Evtl. wäre es sinnvoller, über einen Weg nachzudenken, wie man das vermeiden kann und die Daten sequentiell bearbeitet.


----------



## Christian S. (16. Okt 2019)

Natürlich könnte ich die Daten auch sequentiell verarbeiten. Das würde aber alle Verarbeitungs-Algorithmen deutlich verkomplizieren, da ich z.B. die Daten resampeln und filtern, Events finden, oder Kenngrößen berechnen muß.


----------



## httpdigest (16. Okt 2019)

Jedes Betriebssystem bietet die Möglichkeit, Festplattenplatz als Arbeitsspeicher zu gebrauchen. Das nennt sich "Swap"-Bereich bzw. Auslagerungsdatei. Unter Windows ist das die pagefile.sys Datei und unter Linux die swap Partition. Je nachdem, wie groß du diese wählst, können committete/physische Pages des Arbeitsspeichers dorthin ausgelagert werden.
Bezüglich "virtuell": Arbeitsspeicher wird dir vom Betriebssystem immer nur als virtueller Speicher angeboten und sobald eine Page/Seite des virtuell reservierten Arbeitsspeichers angefasst wird (gelesen/geschrieben), wird diese vom Betriebssystem "committet", also erst dann wird dafür tatsächlich physisch freier Speicher gesucht.


----------



## M.L. (16. Okt 2019)

Das könnte auch helfen: https://www.baeldung.com/java-read-lines-large-file


----------



## temi (16. Okt 2019)

Christian S. hat gesagt.:


> Das würde aber alle Verarbeitungs-Algorithmen deutlich verkomplizieren,



Würde es das tatsächlich?

Ich nehme jetzt mal was Einfaches an, wie z.B. einen Mittelwert zu bilden.
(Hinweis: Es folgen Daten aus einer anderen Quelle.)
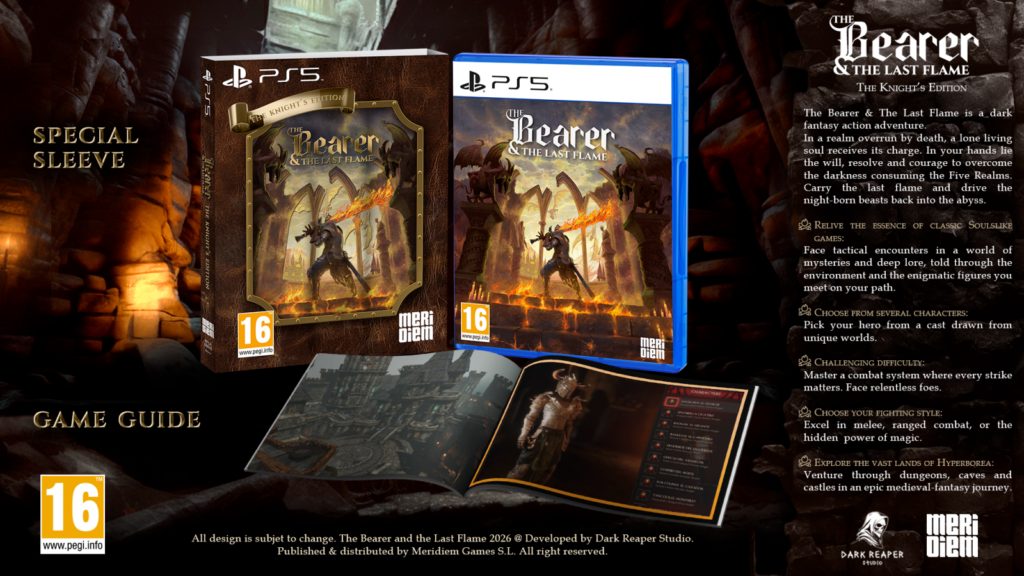 Meridiem was verantwoordelijk voor het ontwerp en de productie van deze fysieke edities: The Bearer & The Last Flame – Standard Edition voor PlayStation 5, die de PS5-game bevat, en The Bearer & The Last Flame – The Knight’s Edition, die naast de PS5-game ook een gamegids en een speciale sleeve bevat.

Du hast also eine List<Double> in der alle Werte sind und rufst im Algorithmus einen Wert nach dem anderen ab, um sie aufzusummieren und am Ende den Mittelwert zu erhalten.

Ob diese Liste jetzt alle Werte im Arbeitsspeicher hat oder es sich um eine FileAccessList<Double> handelt ist doch dem Algo egal. Er funktioniert genauso wie bisher. Allenfalls etwas langsamer. Aber die Schnittstelle des Zugriffs ist identisch!

Ich kann mir gerade nicht vorstellen, welcher Algorithmus *gleichzeitig *auf sämtliche Werte zugreifen muss (geschweige denn überhaupt kann).

Edit: Es gilt also die FileAccessList<> so zu gestalten, dass der Zugriff möglichst schnell funktioniert, z.B. indem intern immer ein ganzer Block geladen und bereit gestellt wird. Sobald der Block abgearbeitet wurde, wird der nächste geladen oder evtl. in einem separaten Thread bereits eingelesen, solange die Verarbeitung des ersten Blockes noch läuft.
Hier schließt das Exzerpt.